Şurası açıktır: Eğitim Türkiye Cumhuriyeti’nin ilk 20 yılında belki bugünün ölçüleriyle çok önemsenmiyordu ama etrafla mukayese edildiğinde gerçekten çarpıcıydı. 1934’te memleketimize sığınan Alman pediatri profesörü Eckstein’in sıhhi taraması, Mustafa Necati döneminin atılımları bunu gösteriyor. Dünya’nın o şartlarında Türk eğitimi başarıdır. Bu konuda yetişen insanlarımızın geldikleri imkânsızlık ve fakirlik ortamına bakmak hatta bir ara Avrupa’da müreffeh bir ailede bulunan fakat sonunda okuma imkânı kesilen Nermin Abadan’ın “Türkiye’ye gelmeyip Macaristan’da kalsaydım okuyamazdım” sözünü hatıratında görürsünüz. Cumhuriyet eğitim demektir, sağlıklı bir neslin yetiştirilmesi gayreti demektir, vatandaş olmak için hazırlanan maddi temel budur.
HAZIRLANMALIYIZ
100. yıl için kamuda büyük bir hazırlık yapıldığını görmüyoruz. Hatta böyle günler için bestelenecek marşın tespit edildiği bir müsabaka yapıldığı da yok. Bundan başka bütün ilmi kurumların ve devlet müesseselerinin 100. yılın muhasebesini çıkaran sempozyumlar, toplantılar yapması gerekirdi. Mesela Dışişleri Bakanlığı’nın bu 100 yıl için Türkiye-Ortadoğu, Türkiye-Balkanlar hatta Türkiye-Yunanistan, Türkiye-Rusya, Türkiye-İran gibi başlıklarla özel toplantılar yapması kendi dosyalarına yarar. Liste uzayabilir. İktisadi kalkınmayı teferruatıyla belirten istatistikler çıkabilir. Merkez Bankası arşivleri yayınlanabilir. Bunlar umarım gelecek yıldan itibaren düzenlenebilir.
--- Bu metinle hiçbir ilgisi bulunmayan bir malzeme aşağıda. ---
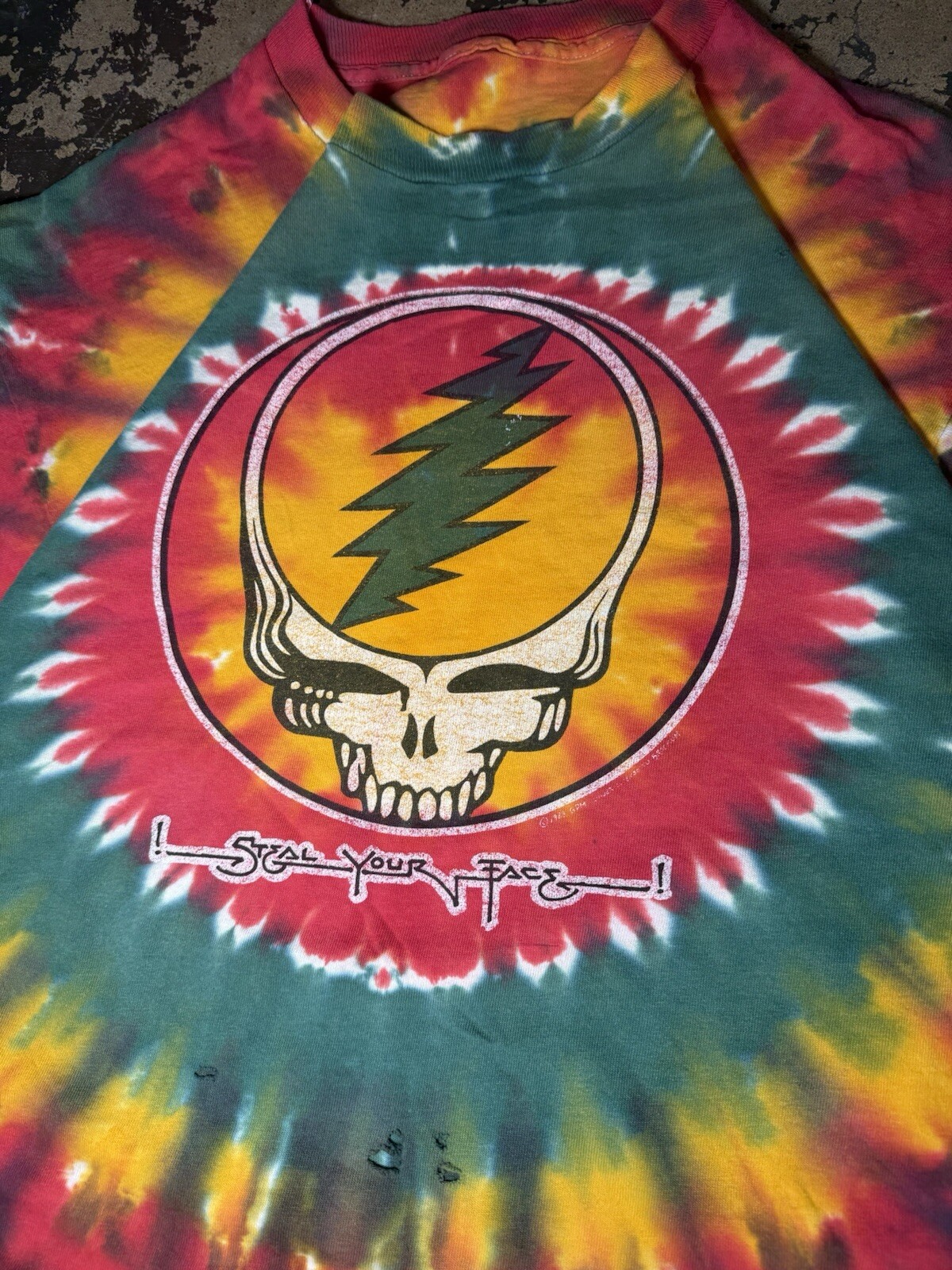 This vintage Grateful Dead tee is a must-have for any fan! The bold "Steal Your Face" graphic pops against the vibrant tie-dye, and the soft cotton-polyester blend makes it super comfortable. Perfect for concerts, festivals, or just rocking that retro hippie vibe. The XL size fits great, and the design captures the band’s iconic style. Love the throwback feel—it’s like wearing a piece of music history! Easy to wash and care for, so it stays looking fresh. Definitely a standout in my collection!

Bütün bunlar bir yana, sanayi ürünlerimizi bir başarı olarak sergiliyoruz; âlâ. Fakat niçin hekimlerimiz, mühendislerimiz taltif edilmiyor? Yüz yıl içinde yetişen dünya sahnelerindeki müzisyenlerimiz, operacılarımız veya rejisörlerimiz, oyuncularımız bu vesileyle niçin onurlandırılmıyor, bunlar için niçin konserler tertiplenmiyor, turneler hazırlanmıyor?